Having explained these two different meanings, I’d now like to draw your attention to an analogy that I think nicely illuminates the relationship between them:

  • A data model in the first sense is like a programming language, whose constructs can be used to solve many specific problems but in and of themselves have no direct connection with any such specific problem.

  • A data model in the second sense is like a specific program written in that language—it uses the facilities provided by the model, in the first sense of that term, to solve some specific problem.

By the way, it follows from all of the above that if we’re talking about data models in the second sense, then we might reasonably speak of “relational models” in the plural, or “a” relational model (with an indefinite article). But if we’re talking about data models in the first sense, then there’s only one relational model, and it’s the relational model (with the definite article). I’ll have more to say on this latter point in Appendix A.

For the rest of this book I’ll use the term data model, or more usually just model for short, exclusively in its first sense.

Properties of Relations

Now let’s get back to our examination of basic relational concepts. In this section I want to focus on some specific properties of relations themselves. First of all, every relation has a heading and a body: The heading is a set of attributes (where by the term attribute I mean an attribute-name/type-name pair), and the body is a set of tuples that conform to that heading. In the case of the suppliers relation in Figure 1-3, for example, there are four attributes in the heading and five tuples in the body. Note, therefore, that a relation doesn’t really contain tuples—it contains a body, and that body in turn contains the tuples—but we do usually talk as if relations contained tuples directly, for simplicity.

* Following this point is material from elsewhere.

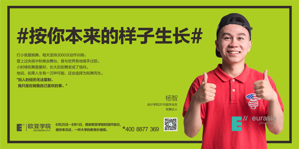几则故事诠释了欧亚,几个人物代表了欧亚人。欧亚的大学生活,满足你对梦想的所有想象。穿越时光,你会看到未来三四年后的自己——你在通宵自习室里备战考研;你在英国或美国的常春藤大学游学或进修;你拿到了心仪已久的企业OFFER;你策划了每年一度的春季运动会;你懂得装扮自己也能欣赏一场艺术展览;你不盲从大流,更遵循自己内心的价值观;你收获了友情,或是爱情。由此出发,大学如此多彩,开启在欧亚的每一天;由此开始,给梦想更多可能,带着欧亚的DNA追梦前行吧!
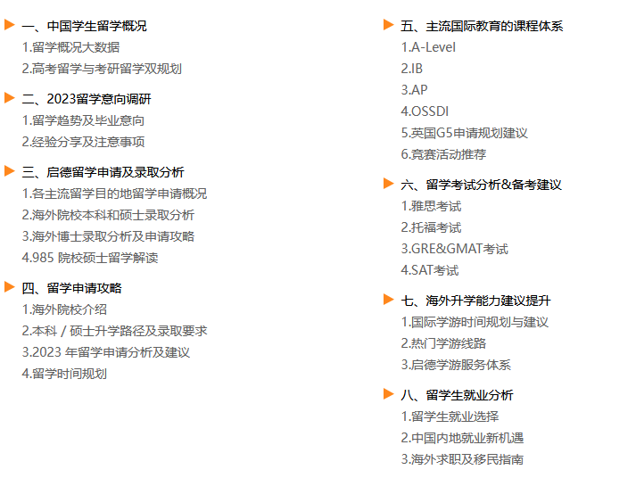 了解更多 >2023年6月启德教育第四次发布《中国学生留学白皮书-本科篇》,通过分析留学目的地的官方数据、启德多年的客户服务数据与调研数据,系统梳理全球本科留学的多元路径、申请攻略与海内外就业指南,以期为意向本科留学的家庭提供规划与申请蓝本,同时也希望能够帮助中国学生推开高考后全球升学的大门。

By the way, although it’s strictly correct to say the heading consists of attribute-name/type-name pairs, it’s usual to omit the type names in pictures like Figure 1-3 and thereby to pretend the heading is a set of attribute names only. For example, the STATUS attribute does have a type—INTEGER, say—but I didn’t show it in Figure 1-3. But you should never forget it’s there!

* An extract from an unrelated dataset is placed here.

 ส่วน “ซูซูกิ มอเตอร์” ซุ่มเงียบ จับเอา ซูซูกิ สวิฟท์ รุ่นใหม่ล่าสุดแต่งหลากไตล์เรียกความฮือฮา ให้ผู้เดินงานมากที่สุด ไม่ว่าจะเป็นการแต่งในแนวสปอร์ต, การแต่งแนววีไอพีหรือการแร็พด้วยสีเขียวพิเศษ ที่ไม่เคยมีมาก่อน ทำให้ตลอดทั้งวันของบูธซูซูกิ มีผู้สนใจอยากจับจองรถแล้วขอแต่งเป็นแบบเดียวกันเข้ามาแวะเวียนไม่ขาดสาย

Next, the number of attributes in the heading is the degree (sometimes the arity) and the number of tuples in the body is the cardinality. For example, relations S, P, and SP in Figure 1-3 have degree 4, 5, and 3, respectively, and cardinality 5, 6, and 12, respectively. Note: The term degree is used in connection with tuples also. For example, the tuples in relation S are (like relation S itself) all of degree 4.

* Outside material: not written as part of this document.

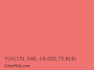 YUV 151.549,-19.005,75.818 Color is a light red color and the nearest color is Candy Pink #e4717a. Hex code #ee7371 and RGB value is rgb(238,115,113). In RGB color space, this color is composed of 93% red, 45% green, 44% blue, In CMYK color space, this color is composed of 0% cyan, 52% magenta, 53% yellow , 7% black , In HSL color space, this color has a hue angle of 1° , 79% saturation and 69% lightness.

Next, relations never contain duplicate tuples. This property follows because a body is defined to be a set of tuples, and sets in mathematics don’t contain duplicate elements. Now, SQL fails here, as I’m sure you know: SQL tables are allowed to contain duplicate rows and thus aren’t relations, in general. Please understand, therefore, that in this book I always use the term relation to mean a relation—without duplicate tuples, by definition—and not an SQL table. Please understand also that relational operations always produce a result without duplicate tuples, again by definition. For example, projecting the suppliers relation of Figure 1-3 on CITY produces the result shown on the left and not the one on the right:

image with no caption

(The result on the left can be obtained via the SQL query SELECT DISTINCT CITY FROM S. Omitting DISTINCT leads to the nonrelational result on the right. Note in particular that the table on the right has no double underlining; that’s because it has no key, and hence no primary key a fortiori.)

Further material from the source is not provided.